● Source information
━━━━━━━━━━━━━━━━━━━━━━━━━━━━━━

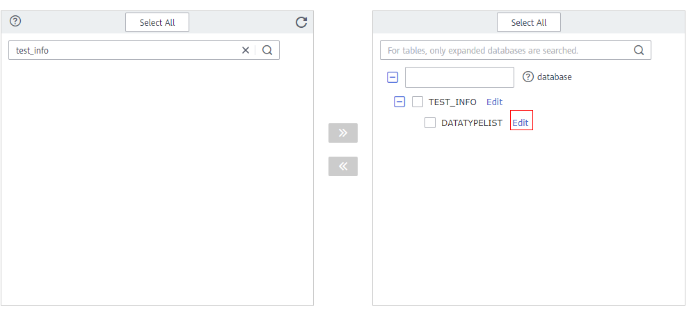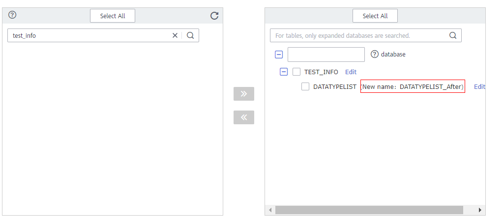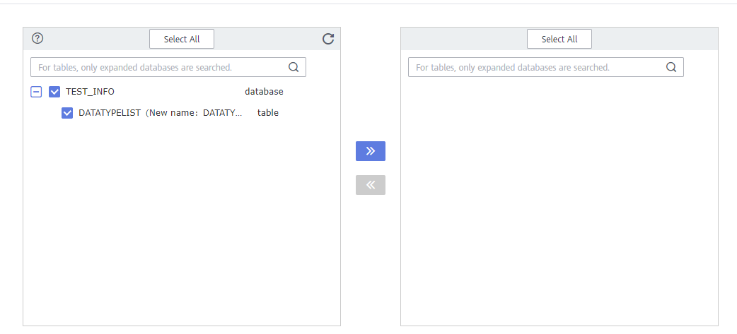 - Select the databases and tables of the source database to be migrated. In this example, select the DATATYPELIST table from the test_info database.
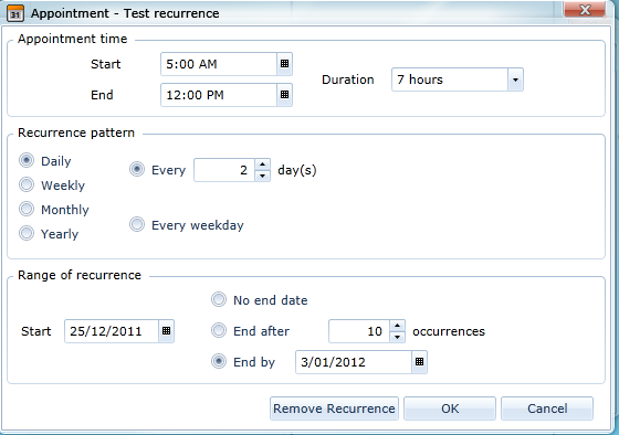 BEGIN:VEVENTDTSTART;TZID=E. Australia Standard Time:20111225T050000DTEND;TZID=E. Australia Standard Time:20111225T120000SUMMARY:Test recurrenceUID:a49ee7e8-7813-4348-b7d7-0fdba1934521IMPORTANCE:NoneRRULE:FREQ=DAILY;UNTIL=20120103T020000Z;INTERVAL=2;BYDAY=SU,MO,TU,WE,TH,FR,SAEND:VEVENT
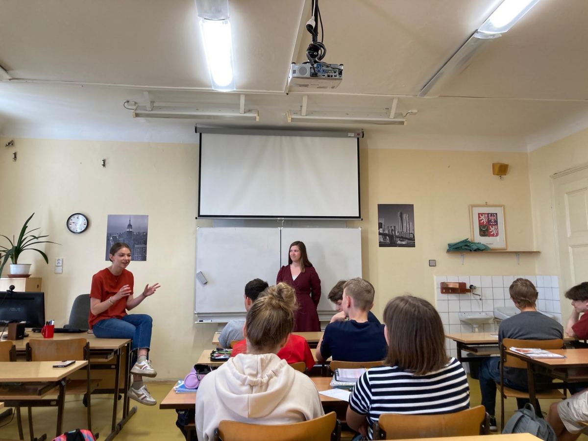 Ve středu dopoledne 15. 6. 2023 naše Fulbright asistentka ve výuce AJ Anna Zittle a její mentorka navštívily Gymnázium Josefa Ressela v Chrudimi. Na chrudimském gymnáziu totiž tento školní rok působí další Fulbright asistentka Lily Shorney. Anna a Lily se zúčastnily dvou vyučovacích hodin AJ, ve kterých se jich žáci mohli dotazovat na různé věci týkající se života v USA, kultury a stravování v USA. Žáci také kladli dotazy týkající se zážitků a zkušeností Fulbright asistentek v českém prostředí.
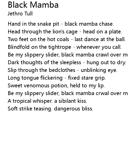 Be my slippery slider, black mamba crawl over me. |
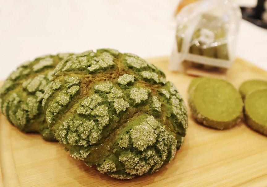 鮮やかな抹茶の緑色と、ころんとした正方形のパンが目を引きます。パンの中には、なめらかでコクのある抹茶クリームがたっぷり入っており、ひと口ごとに抹茶の風味が広がります。
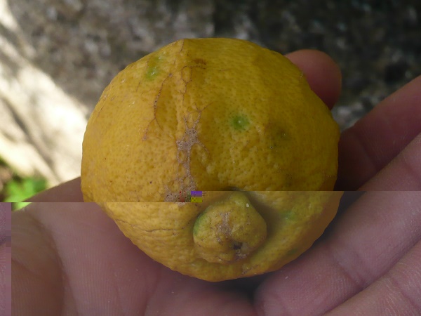 ho trovato un limone nel terreno abbandonato confinante, l'aspetto al quanto malandato  ho raccolto un frutto l'ho assaggiato una vera meraviglia dolcissimo, si potrebbe trattare di limone pane, anche se ne ho uno che produce frutti poco aspri e i limoni sono diversi.
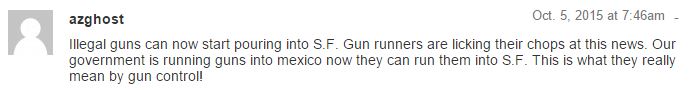 Oh no! Illegal aliens too? My goodness those people are all doomed. And at the hands of our own government no less. Yes, the feds routinely influence local ordinances so they can run guns into places like San Francisco.
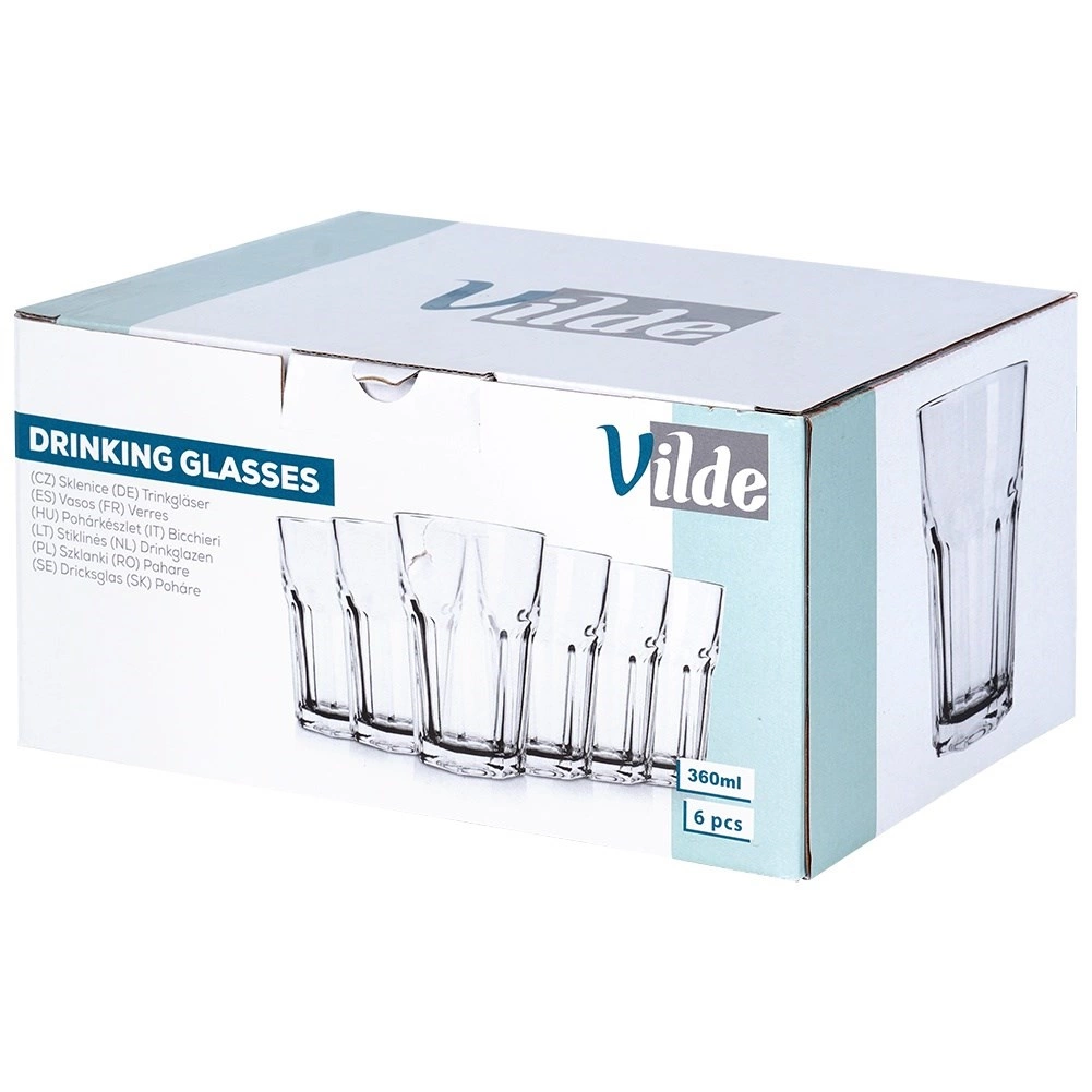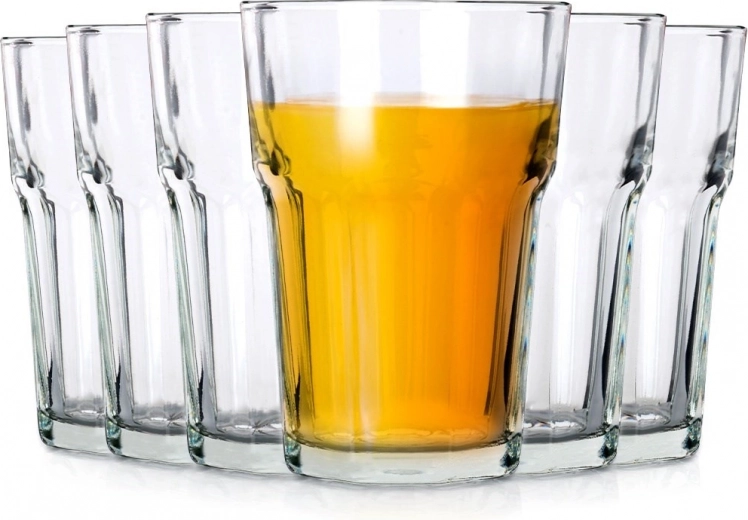 Idealni za vodo, limonade, sokove in koktajle. Komplet šestih kosov pokrije vsakodnevne potrebe gospodinjstva ali manjšega obrata.
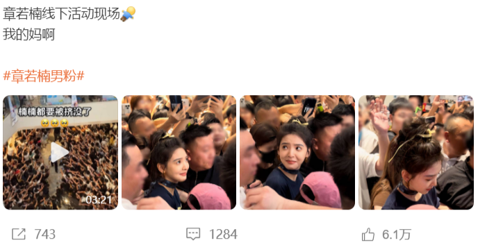 前不久,章若楠受邀参加品牌四肢,以品牌代言东说念主的身份空降沈阳大悦城举办下线碰头四肢,章若楠的粉丝得挚友信后,纷纷赶到现场准备撑抓章若楠,从网上出现的图片上看,现场确切可以用“东说念主山东说念主海”来描写,以致一时刻齐无法找到章若楠在那边。
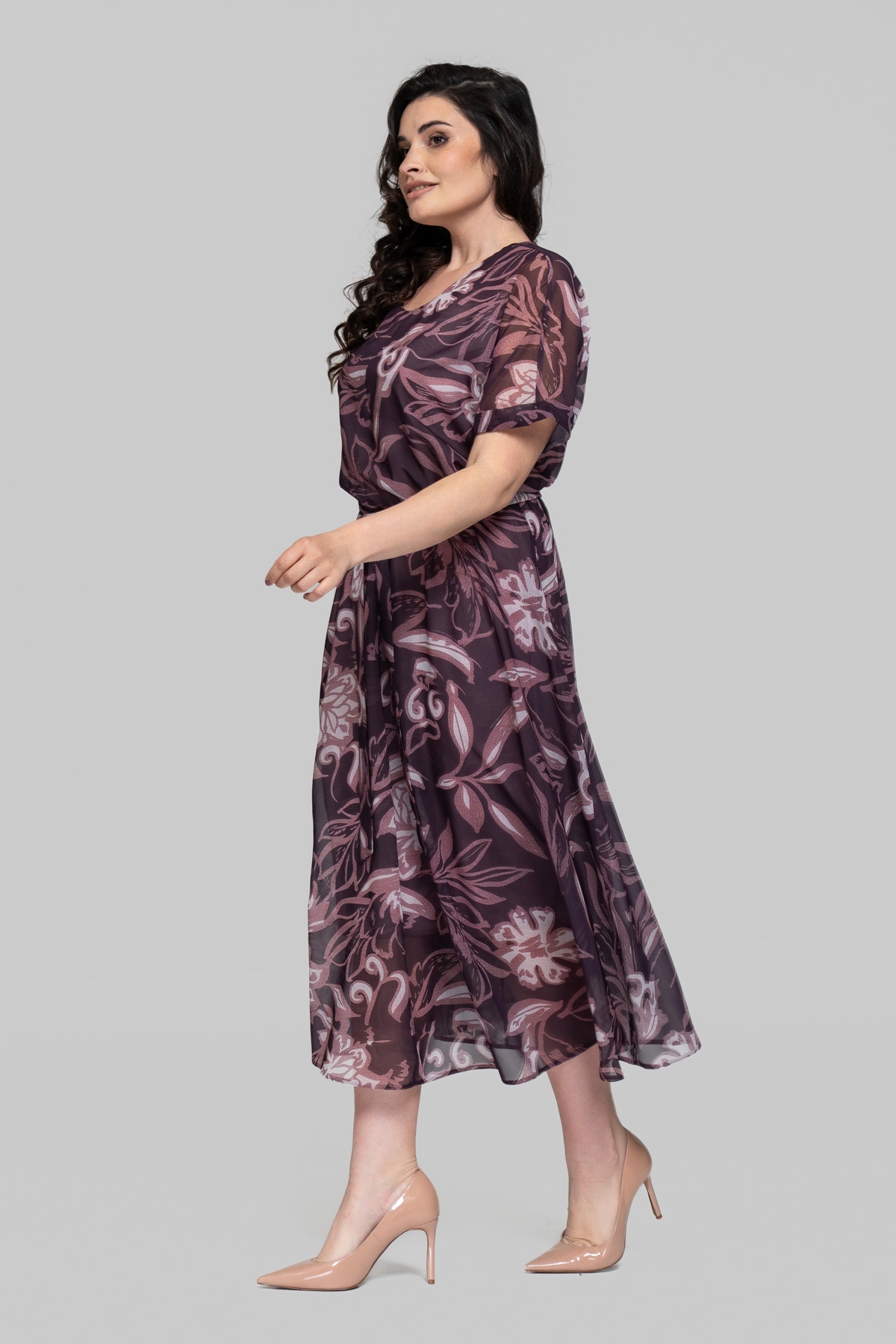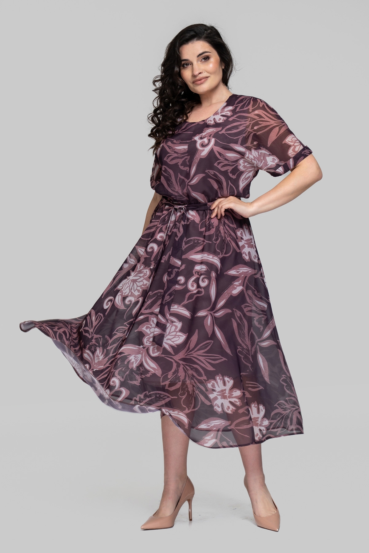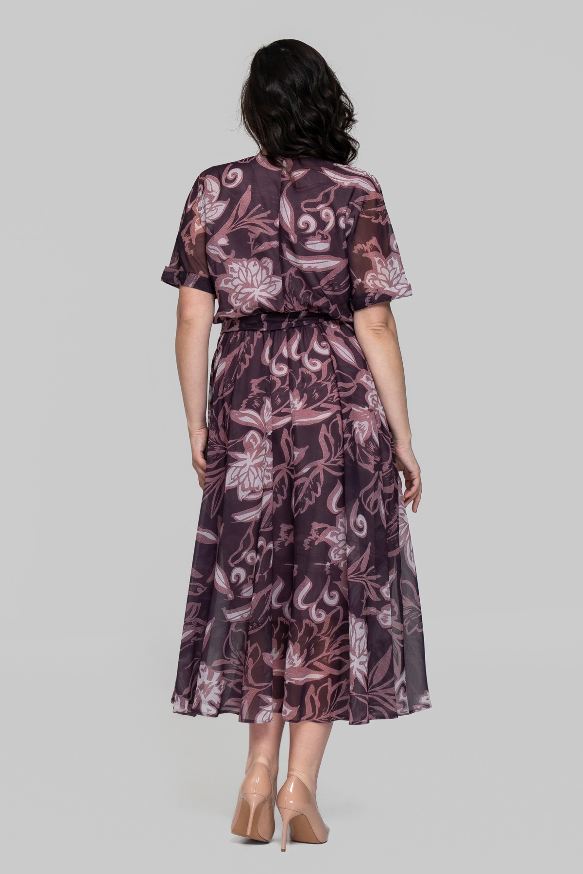 Сукня вільного крою. Виконано з шифона з еластичною трикотажною підкладкою. По лінії талії проходить еластична стрічка (розтяжність 8–10 см). Рукав цільного крою, на відкладній манжеті. У комплекті: пояс із тієї ж тканини.

━━━━━━━━━━━━━━━━━━━━━━━━━━━━━━

● Task
Please print, exactly as given, the lines running from the beginning of the listing through the line containing "BEGIN:VEVENTDTSTART;TZID=E. Australia Standard", omitting each picture.

● Solution to the exercise
 - Select the databases and tables of the source database to be migrated. In this example, select the DATATYPELIST table from the test_info database.
 BEGIN:VEVENTDTSTART;TZID=E. Australia Standard Time:20111225T050000DTEND;TZID=E. Australia Standard Time:20111225T120000SUMMARY:Test recurrenceUID:a49ee7e8-7813-4348-b7d7-0fdba1934521IMPORTANCE:NoneRRULE:FREQ=DAILY;UNTIL=20120103T020000Z;INTERVAL=2;BYDAY=SU,MO,TU,WE,TH,FR,SAEND:VEVENT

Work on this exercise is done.